Task details ▸ Would you retype the whole listing verbatim, keeping pictures out of it?

The data ▸
-=-=-
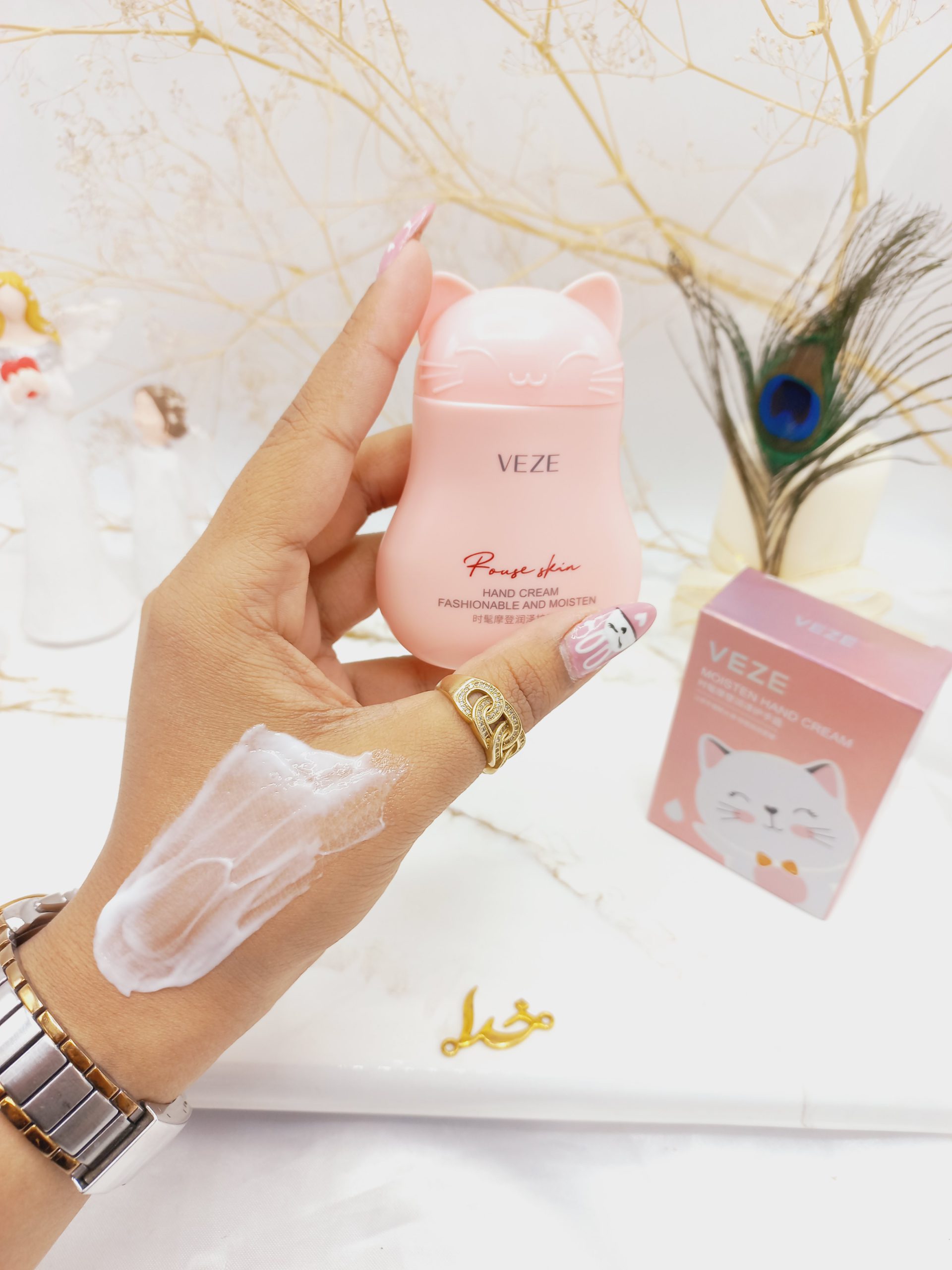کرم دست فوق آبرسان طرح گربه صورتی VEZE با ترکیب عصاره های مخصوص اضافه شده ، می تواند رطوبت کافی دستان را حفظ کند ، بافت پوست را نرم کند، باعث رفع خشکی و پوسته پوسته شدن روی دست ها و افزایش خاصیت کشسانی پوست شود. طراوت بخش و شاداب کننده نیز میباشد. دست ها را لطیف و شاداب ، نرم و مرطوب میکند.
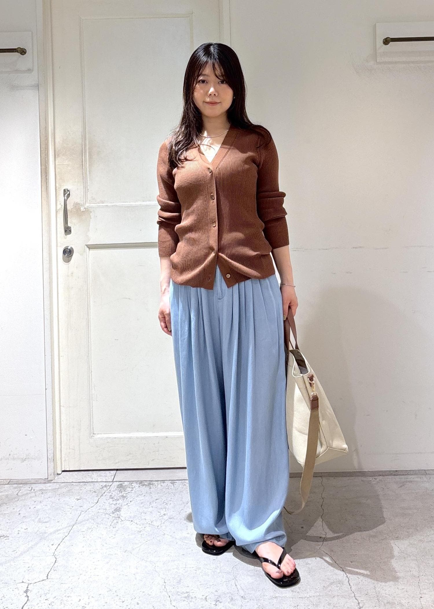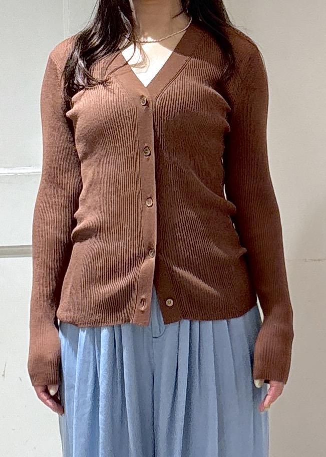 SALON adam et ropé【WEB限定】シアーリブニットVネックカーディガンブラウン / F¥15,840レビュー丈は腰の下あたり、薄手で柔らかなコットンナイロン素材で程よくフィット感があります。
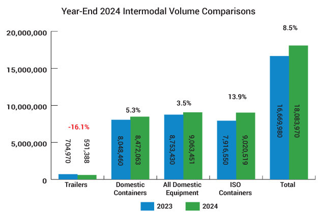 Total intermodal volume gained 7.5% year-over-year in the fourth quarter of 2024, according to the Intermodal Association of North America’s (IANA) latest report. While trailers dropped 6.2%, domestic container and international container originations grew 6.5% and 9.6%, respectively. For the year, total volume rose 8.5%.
-=-=-
Response to the task ▸
کرم دست فوق آبرسان طرح گربه صورتی VEZE با ترکیب عصاره های مخصوص اضافه شده ، می تواند رطوبت کافی دستان را حفظ کند ، بافت پوست را نرم کند، باعث رفع خشکی و پوسته پوسته شدن روی دست ها و افزایش خاصیت کشسانی پوست شود. طراوت بخش و شاداب کننده نیز میباشد. دست ها را لطیف و شاداب ، نرم و مرطوب میکند.
 SALON adam et ropé【WEB限定】シアーリブニットVネックカーディガンブラウン / F¥15,840レビュー丈は腰の下あたり、薄手で柔らかなコットンナイロン素材で程よくフィット感があります。
 Total intermodal volume gained 7.5% year-over-year in the fourth quarter of 2024, according to the Intermodal Association of North America’s (IANA) latest report. While trailers dropped 6.2%, domestic container and international container originations grew 6.5% and 9.6%, respectively. For the year, total volume rose 8.5%.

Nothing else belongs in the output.